Three People Who Never Agree Just Said the Same Thing About Robotics

May 11, 2026 12 min read physical AIembodied-aitechnologyresearchroboticsDeepLearningVLAgpt Read on Hashnode ↗

Something unusual is happening in physical AI right now. Not unusual in the sense of a single dramatic breakthrough. Unusual in the sense that people who almost never agree — a researcher who co-authored the two most cited VLA papers in existence, the CEO of the company behind DeepMind, the transformer paper, and the TPU, and an NVIDIA director with a published scaling law — are all independently landing on the same framing within the same few weeks.

That kind of convergence is worth paying attention to. Not because any one of them has the full picture, but because when independent signals triangulate on the same conclusion, it usually means something real is underneath.

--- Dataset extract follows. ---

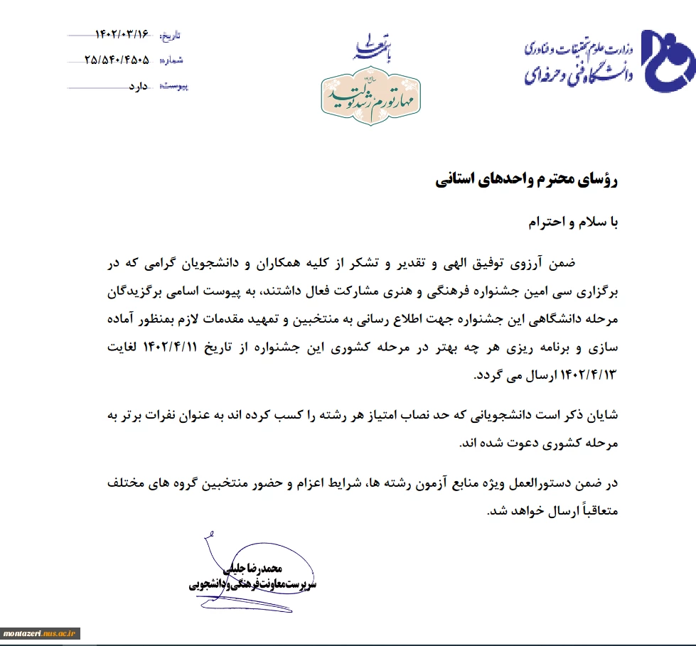 اسامی برگزیدگان مرحله دانشگاهی سی اُمین جشنواره قرآن - عترت دانشگاه فنی و حرفه ای جهت انتخابی مرحله کشوری 2

Let me lay out what they're each saying, and then what I think it actually means.

Signal 1: Quan Vuong — "π₀ Was the GPT-1 Moment. We're Past It."

Quan Vuong is a co-author of RT-2 and π₀ — the two papers that arguably defined the VLA paradigm and set the benchmark every subsequent model gets measured against. He's not an observer of this field. He helped build it.

In April 2026, Vuong appeared on Y Combinator's Lightcone podcast in an episode titled "The GPT Moment for Robotics Is Here" and placed π₀ — a model he co-built — in historical context:

"Physical Intelligence is building a foundation model that can control any robot to do any task — what the team describes as the GPT moment for robotics. The company's cross-embodiment approach trains across many different robot platforms, and recent results show tasks being performed zero-shot that last year required hundreds of hours of data collection."
— Quan Vuong, Physical Intelligence, Lightcone Podcast, April 2026 · ycombinator.com/library/NS-robots-are-finally-starting-to-work

The specific framing Vuong used: π₀ was the GPT-1 moment — the proof that a single foundation model could generalise across robots and tasks in the same way GPT-1 proved language models could generalise across text. And by April 2026, he's describing it in the past tense. The GPT-1 moment already happened. The field has already moved past it. The question now is what the GPT-2 and GPT-3 equivalents look like — and whether the trajectory holds.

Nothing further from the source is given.